If you want to understand the memory usage, don't use top. Use the free open source program https://github.com/vmware/chap (disclaimer: I am the original developer).

Just gather a live core before the program finishes, for example by running gcore, then type:

chap your-core-file-name

Then you can do things like:

count leaked list leaked count used count free ....

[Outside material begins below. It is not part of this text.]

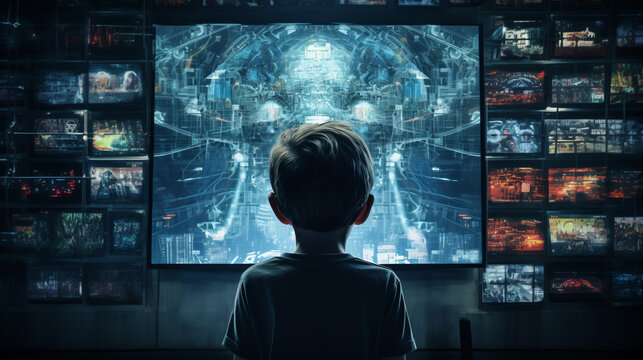 Back view of a boy child head in front of a huge tv screen representing too much children screen time

Here is an example using your program, gathering the core after 30 seconds:

-bash-4.1$ ./q53633998 &
[1] 18014
-bash-4.1$ sleep 30
gcore 18014
-bash-4.1$ gcore 18014
0x00000030ed6aca20 in __nanosleep_nocancel () at ../sysdeps/unix/syscall-         template.S:82
82      T_PSEUDO (SYSCALL_SYMBOL, SYSCALL_NAME, SYSCALL_NARGS)
Saved corefile core.18014
-bash-4.1$ ~/public_html/chap core.18014
chap> count used
36 allocations use 0x9120 (37,152) bytes.
chap> count free
1 allocations use 0x17db0 (97,712) bytes.
chap> count leaked
35 allocations use 0x8d18 (36,120) bytes.
chap> count anchored
1 allocations use 0x408 (1,032) bytes.
chap> list anchored
Used allocation at 19d4e40 of size 408

1 allocations use 0x408 (1,032) bytes.
chap> explain 19d4e40
Address 19d4e40 is at offset 0 of
an anchored allocation at 19d4e40 of size 408
Allocation at 19d4e40 appears to be directly anchored from at least one stack.
Address 0x7ffc88570270 is on the live part of the stack for thread 1.
Stack address 7ffc88570270 references 19d4e40

chap> list leaked
Used allocation at 19cc010 of size 408

Used allocation at 19cc420 of size 408

Used allocation at 19cc830 of size 408

Used allocation at 19ccc40 of size 408

Used allocation at 19cd050 of size 408

Used allocation at 19cd460 of size 408

Used allocation at 19cd870 of size 408

Used allocation at 19cdc80 of size 408

Used allocation at 19ce090 of size 408

Used allocation at 19ce4a0 of size 408

Used allocation at 19ce8b0 of size 408

Used allocation at 19cecc0 of size 408

Used allocation at 19cf0d0 of size 408

Used allocation at 19cf4e0 of size 408

Used allocation at 19cf8f0 of size 408

Used allocation at 19cfd00 of size 408

Used allocation at 19d0110 of size 408

Used allocation at 19d0520 of size 408

Used allocation at 19d0930 of size 408

Used allocation at 19d0d40 of size 408

Used allocation at 19d1150 of size 408

Used allocation at 19d1560 of size 408

Used allocation at 19d1970 of size 408

Used allocation at 19d1d80 of size 408

Used allocation at 19d2190 of size 408

Used allocation at 19d25a0 of size 408

Used allocation at 19d29b0 of size 408

Used allocation at 19d2dc0 of size 408

Used allocation at 19d31d0 of size 408

Used allocation at 19d35e0 of size 408

Used allocation at 19d39f0 of size 408

Used allocation at 19d3e00 of size 408

Used allocation at 19d4210 of size 408

Used allocation at 19d4620 of size 408

Used allocation at 19d4a30 of size 408

35 allocations use 0x8d18 (36,120) bytes.
chap> list free
Free allocation at 19d5250 of size 17db0

1 allocations use 0x17db0 (97,712) bytes.
chap>

That last "free" allocation is the tail of a block of memory that was allocated during the first malloc call and gradually carved up as subsequent malloc calls were made.

Of course there are other tools out there (e.g. valgrind) that work differently by instrumenting the process but if you want a tool that can analyze memory usage of a process without changing the way the process is run, chap is a good choice.